A great comprehensive view of the world that included economics and politics but was infinitely greater than them was extinct. The vacuum thus formed was filled by another comprehensive view of the world, one that descended from the Enlightenment on a straight dynastic line: egalitarian socialism (whatever it’s called) in its economic, cultural, moral and political manifestations.

This view of the world springs above all from the destructive desire to drive the last nails into the coffin of Christendom. As such, it doesn’t lack cohesion and consistency – exactly the qualities that so-called American conservatism can’t possibly have.

That’s why it can counter-attack only on a small section of the front, not across the whole frontline. This section is the economy, a fact that by itself testifies to an argument lost.

Those who attempt to engage the left on other issues, such as abortion, euthanasia or legalisation of drugs, are ultimately outshouted by the well-coordinated chorus of anti-Christendom invective.

Arguing ab oeconomia is tantamount to accepting the socialist terms of debate. But socialist views on economics dovetail with the broad picture of the world painted by any mind formed by the Enlightenment.

On the other hand, the so-called conservative, in fact libertarian, take on economics is but one piece of a jigsaw, from which it’s impossible to reconstruct the whole design.

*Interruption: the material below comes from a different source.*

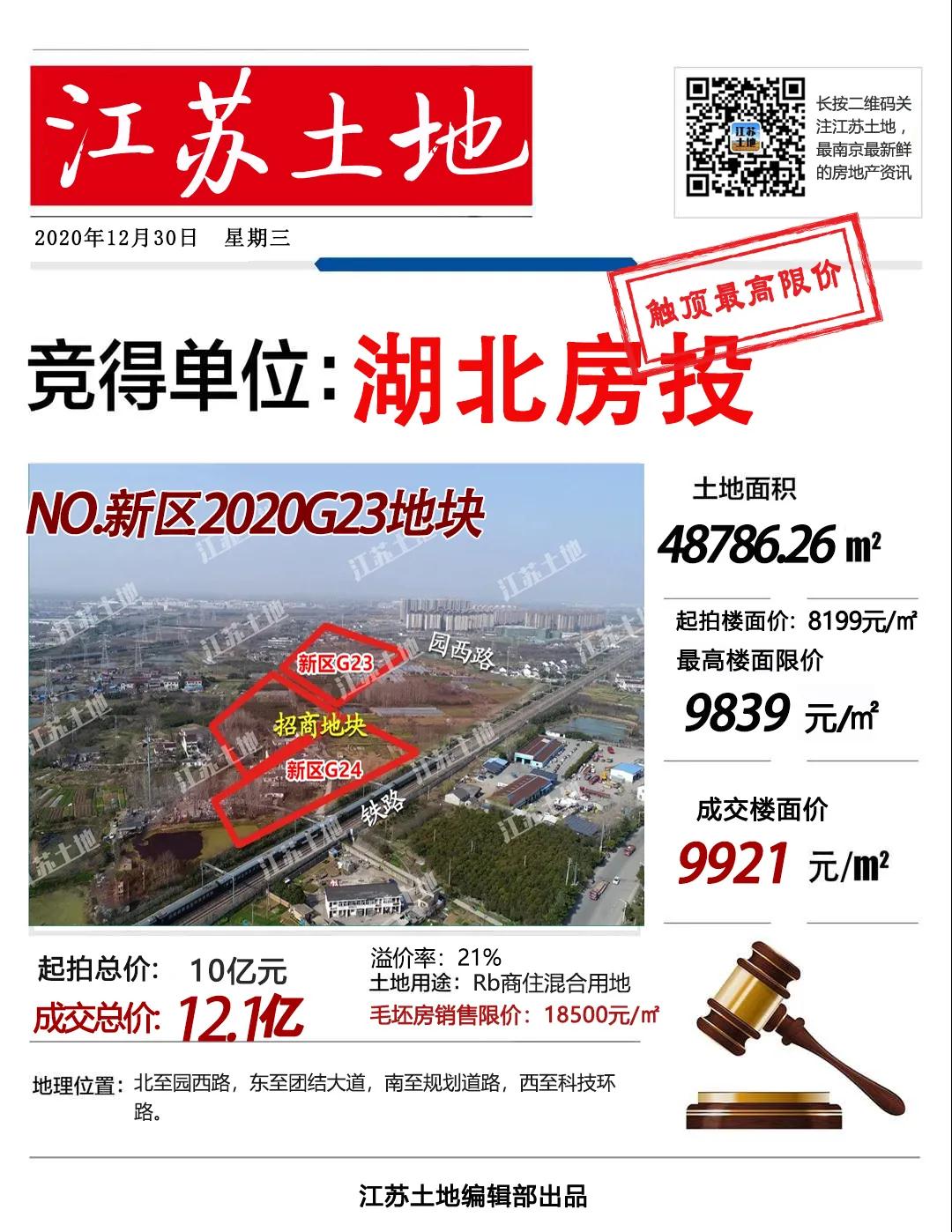 地块于2020年12月31日被湖北房投竞得,成交楼面价9921元/㎡,未来毛坯限价1.85万/㎡。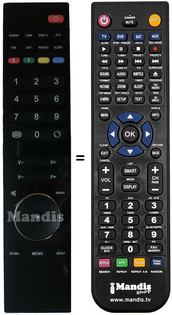 Télécommande qui remplace celle d'origine car elle possède les mêmes fonctions.

Such is the real nature of the debate described by Mr Baker, one between old-school and new-school conservatism. Students of the new school are correct in their observation that commitment to laissez-faire economics by itself (my emphasis) can’t stem the tide of socialist subversion of cultural, social and ethical mores.

Students of the old school are also right in pointing out that the big, omnipotent state is harmful to the economy and detrimental to liberty.

Yet neither of them realise that this is a ‘both… and’ argument, not ‘either… or’. The very existence of those two schools testifies to the demise of conservatism, as defined in the only logical way as the preservation of Western tradition.

One can preserve only what is still extant – not Western conservatism. Its obituaries are written every day and with equal relish by libertarians, socialists, statists, neoconservatives, free marketers, corporatists, progressives. It’s just that some of them may not realise that’s what they are writing.